Cinda is China's first asset management company. It's wholly owned by the Ministry of Finance, and has registered capital of more than 25 billion yuan.
Over the last ten years, Cinda received nearly 1.5 trillion yuan in bad assets from more than ten banks and financial institutions. It's reclaimed almost 250 billion yuan in cash.
It's also participated in the trusteeship liquidation and risk management of some securities companies.
Tian Guoli, Chairman of China Cinda Asset Management Corp. said "Our future business will still focus on the disposal of bad assets, since we are quite familiar with that industry. Also, the profit margin and future potential of asset management is huge. At the same time, we will continue to develop professional financial platforms like securities, which will play an important role in disposing bad assets and improving the value of bad assets."
According to the current plan, Cinda won't accept other shareholders before it completes the reform. But after the reform, Cinda will become a stock company, and its business range will be extended. The company will be available for overseas investors, and will be allowed to list on both domestic and overseas markets.

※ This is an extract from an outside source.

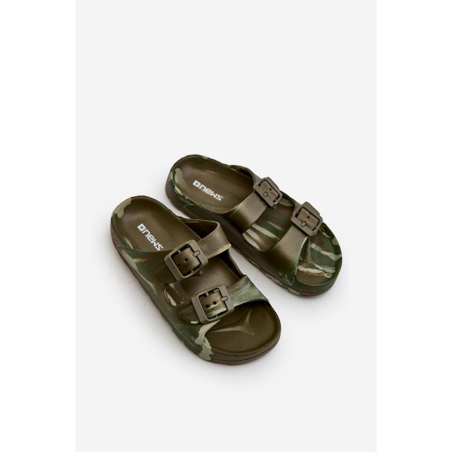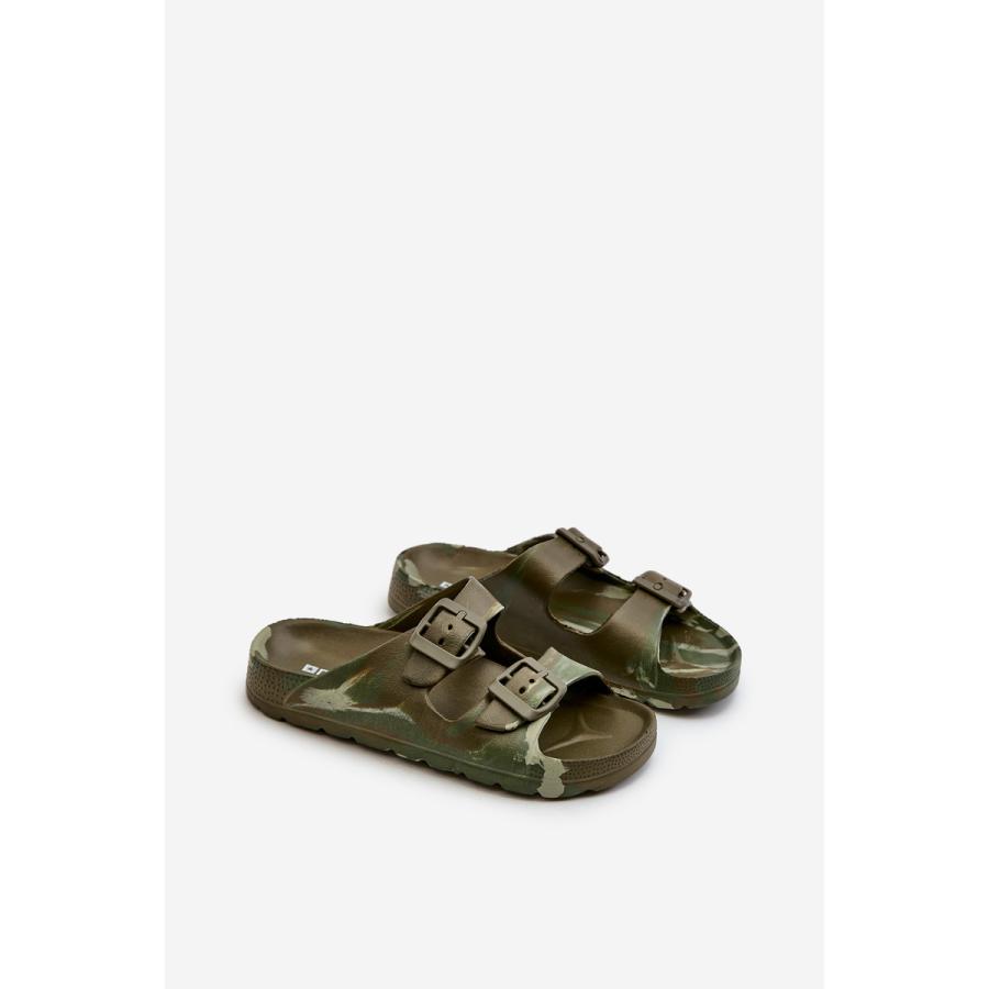 Tmavozelené chlapčenské šľapky s prackami, vyrobené z vysoko kvalitného materiálu a navrhnuté podľa najnovších módnych trendov.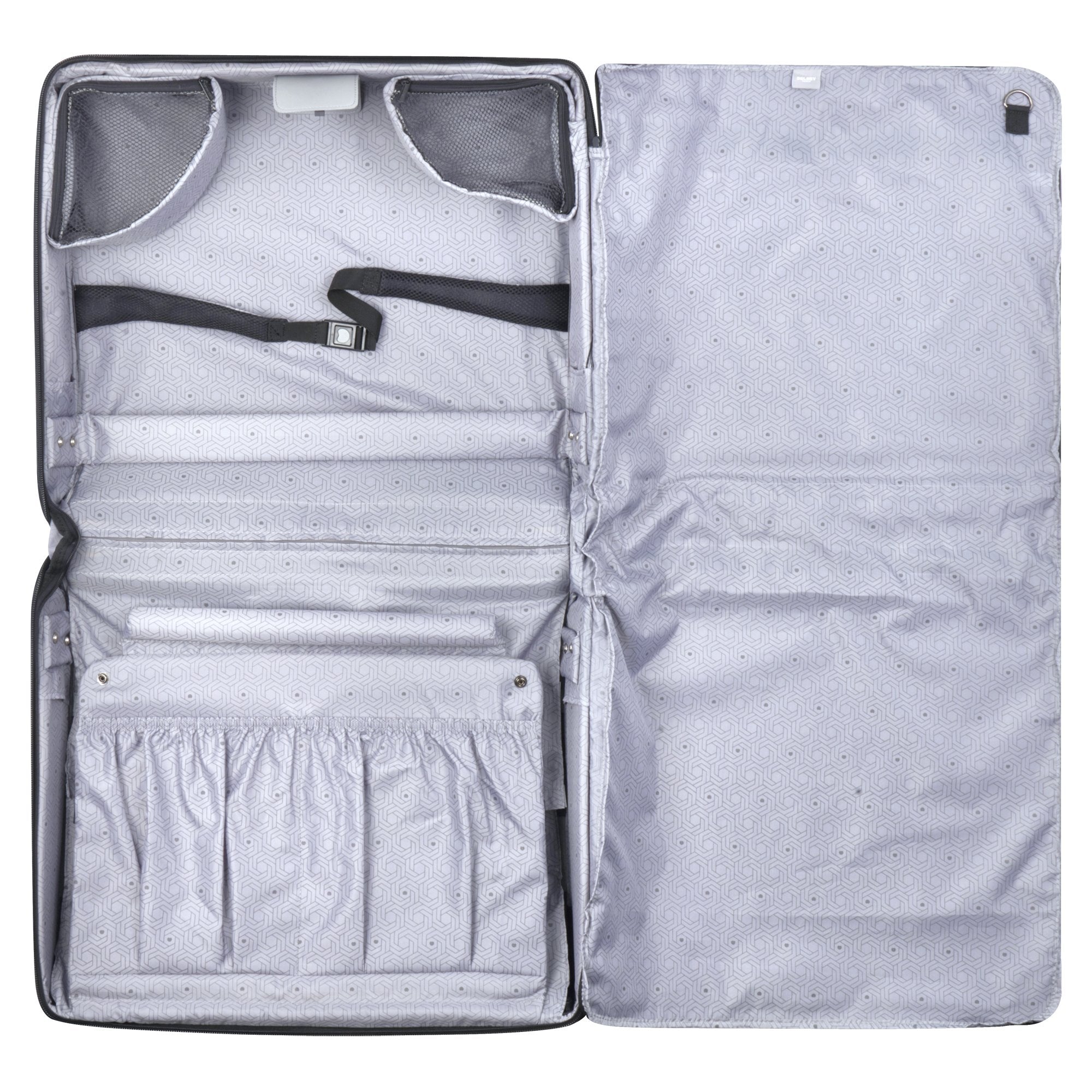 • Book opening design with universal clamping system to secure hangers and extender panel to accommodate longer garments

Cai Esheng, Deputy Director of China Securities Regulatory Commission said "These companies have been seeking a commercialized transformation for many years. Now they can try out their way after the State Council approves their plan. I think they will choose to list on the market when everything's ready, since it will provide them a better way of financing."
Aside from its core business, Cinda has also purchased some insurance, fund and trust companies, as well as some other financial institutions.